Exercise input>
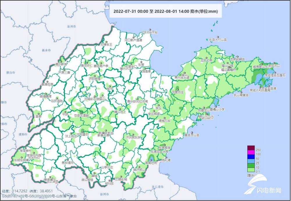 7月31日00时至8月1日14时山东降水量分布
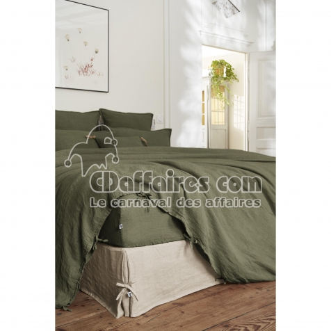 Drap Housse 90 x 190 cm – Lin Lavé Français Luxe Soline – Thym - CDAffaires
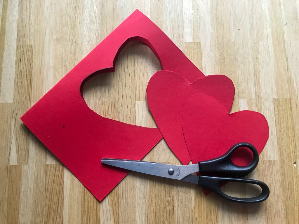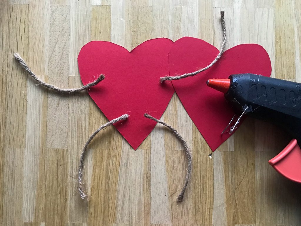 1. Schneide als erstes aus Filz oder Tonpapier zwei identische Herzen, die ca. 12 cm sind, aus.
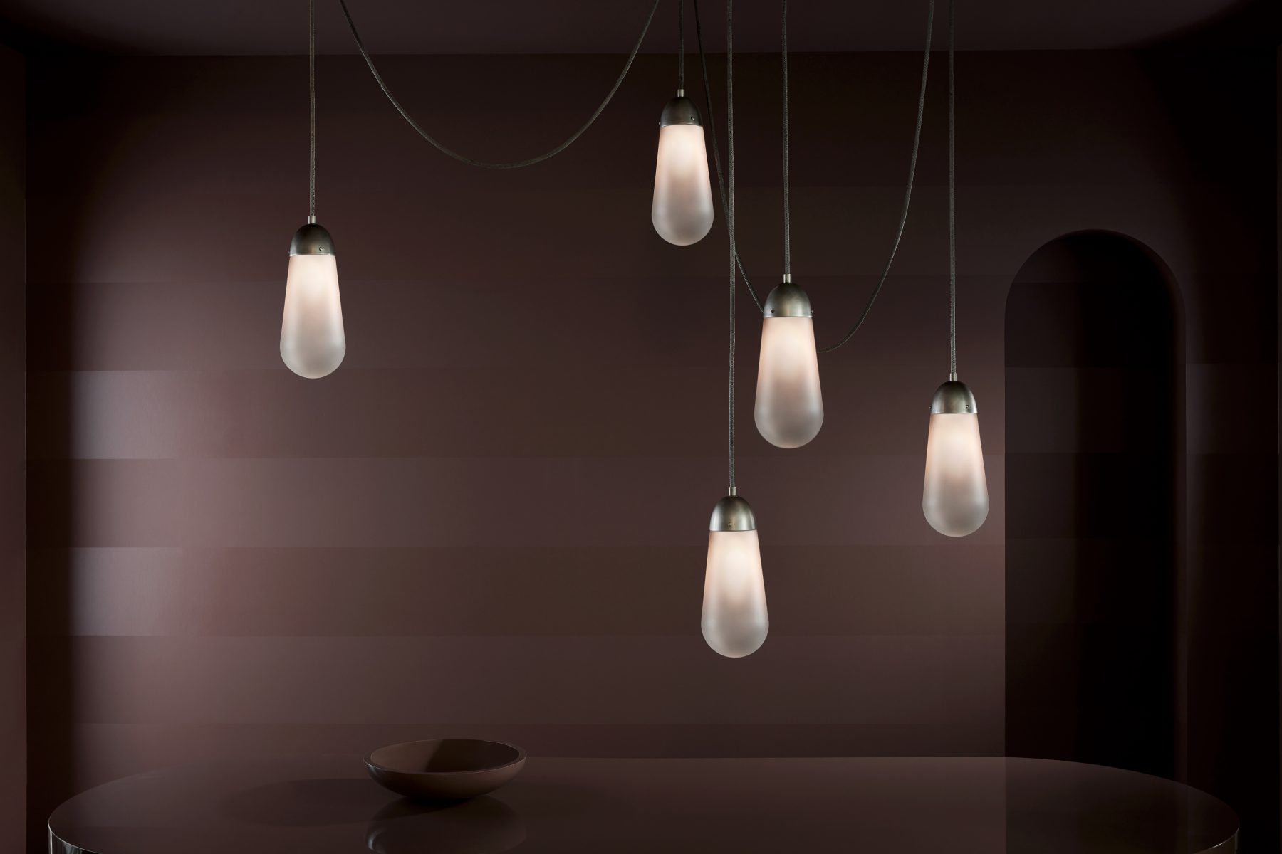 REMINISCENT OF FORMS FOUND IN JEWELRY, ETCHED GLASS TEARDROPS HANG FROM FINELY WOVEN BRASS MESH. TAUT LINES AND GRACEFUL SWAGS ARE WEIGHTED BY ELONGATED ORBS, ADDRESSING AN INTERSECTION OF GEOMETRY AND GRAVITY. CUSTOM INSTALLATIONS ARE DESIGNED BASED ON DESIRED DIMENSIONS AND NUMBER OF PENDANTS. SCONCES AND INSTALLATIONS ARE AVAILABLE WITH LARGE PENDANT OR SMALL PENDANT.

--

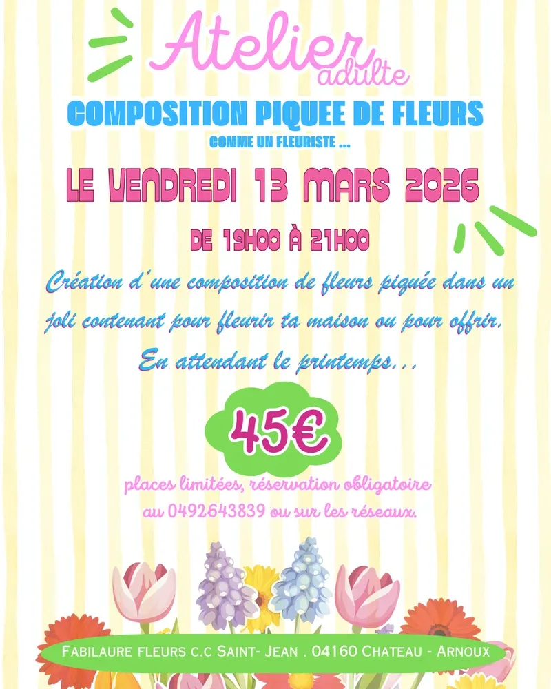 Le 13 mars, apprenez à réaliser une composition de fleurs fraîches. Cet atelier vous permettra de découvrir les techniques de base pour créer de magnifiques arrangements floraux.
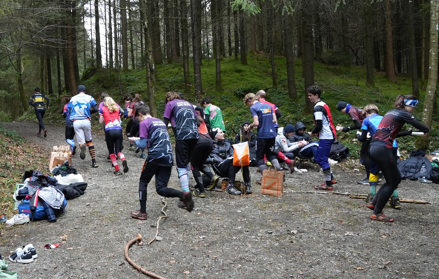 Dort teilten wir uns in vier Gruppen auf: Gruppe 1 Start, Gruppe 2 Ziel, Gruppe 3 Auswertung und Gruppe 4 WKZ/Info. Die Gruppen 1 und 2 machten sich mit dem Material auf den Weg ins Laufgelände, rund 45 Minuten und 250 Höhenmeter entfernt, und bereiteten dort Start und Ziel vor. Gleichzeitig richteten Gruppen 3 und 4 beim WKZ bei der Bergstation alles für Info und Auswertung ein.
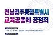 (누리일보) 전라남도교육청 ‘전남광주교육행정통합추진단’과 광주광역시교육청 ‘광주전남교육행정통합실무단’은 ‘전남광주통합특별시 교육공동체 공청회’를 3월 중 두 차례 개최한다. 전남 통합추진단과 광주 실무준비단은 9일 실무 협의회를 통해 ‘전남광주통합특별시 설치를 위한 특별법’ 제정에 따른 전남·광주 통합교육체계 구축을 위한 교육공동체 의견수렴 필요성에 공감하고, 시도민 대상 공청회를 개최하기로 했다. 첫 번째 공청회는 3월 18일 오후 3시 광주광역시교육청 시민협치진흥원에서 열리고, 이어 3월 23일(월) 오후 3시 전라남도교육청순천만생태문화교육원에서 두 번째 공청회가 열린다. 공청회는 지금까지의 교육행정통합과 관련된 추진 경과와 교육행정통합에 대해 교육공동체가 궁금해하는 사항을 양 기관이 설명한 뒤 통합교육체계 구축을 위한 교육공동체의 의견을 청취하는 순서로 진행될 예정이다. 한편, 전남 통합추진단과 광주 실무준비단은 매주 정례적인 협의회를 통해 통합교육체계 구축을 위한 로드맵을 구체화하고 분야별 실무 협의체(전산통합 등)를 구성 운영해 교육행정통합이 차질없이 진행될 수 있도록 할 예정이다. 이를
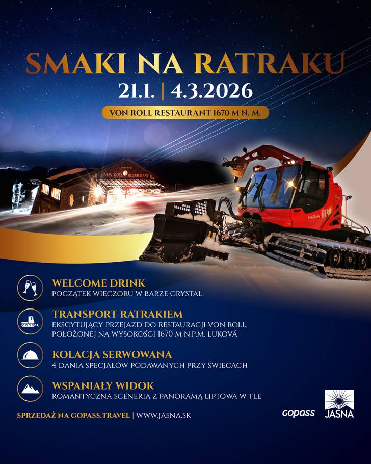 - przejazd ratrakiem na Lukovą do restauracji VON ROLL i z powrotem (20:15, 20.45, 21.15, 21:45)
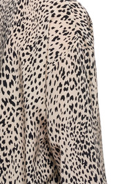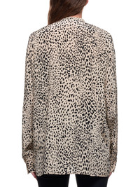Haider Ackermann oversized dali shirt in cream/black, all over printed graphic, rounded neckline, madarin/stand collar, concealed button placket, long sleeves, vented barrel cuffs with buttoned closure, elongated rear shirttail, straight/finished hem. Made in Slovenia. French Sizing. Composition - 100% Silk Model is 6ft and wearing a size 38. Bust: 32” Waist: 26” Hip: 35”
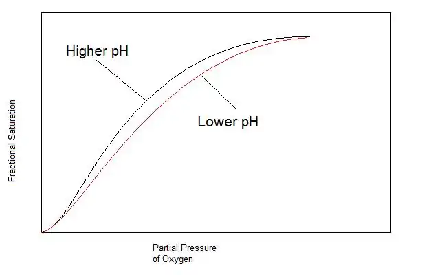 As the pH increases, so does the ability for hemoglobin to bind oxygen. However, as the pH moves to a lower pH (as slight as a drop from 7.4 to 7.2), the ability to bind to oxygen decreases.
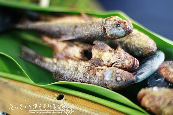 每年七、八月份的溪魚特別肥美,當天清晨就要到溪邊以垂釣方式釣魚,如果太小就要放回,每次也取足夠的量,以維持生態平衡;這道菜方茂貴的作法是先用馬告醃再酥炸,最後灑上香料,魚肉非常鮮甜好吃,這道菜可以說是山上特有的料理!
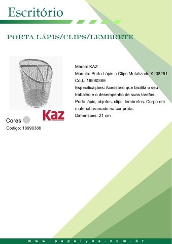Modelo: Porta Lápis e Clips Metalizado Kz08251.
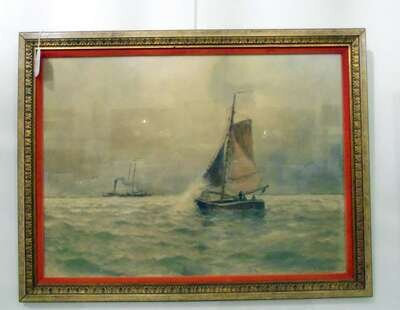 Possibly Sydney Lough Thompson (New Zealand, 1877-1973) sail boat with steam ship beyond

Exercise instructions> In the entries above, find the line that contains "Drap Housse 90" and the line that contains "REMINISCENT OF FORMS". Reproduce exactly those two lines and every line between them, but not the pictures.

Answer space>
 Drap Housse 90 x 190 cm – Lin Lavé Français Luxe Soline – Thym - CDAffaires
 1. Schneide als erstes aus Filz oder Tonpapier zwei identische Herzen, die ca. 12 cm sind, aus.
 REMINISCENT OF FORMS FOUND IN JEWELRY, ETCHED GLASS TEARDROPS HANG FROM FINELY WOVEN BRASS MESH. TAUT LINES AND GRACEFUL SWAGS ARE WEIGHTED BY ELONGATED ORBS, ADDRESSING AN INTERSECTION OF GEOMETRY AND GRAVITY. CUSTOM INSTALLATIONS ARE DESIGNED BASED ON DESIRED DIMENSIONS AND NUMBER OF PENDANTS. SCONCES AND INSTALLATIONS ARE AVAILABLE WITH LARGE PENDANT OR SMALL PENDANT.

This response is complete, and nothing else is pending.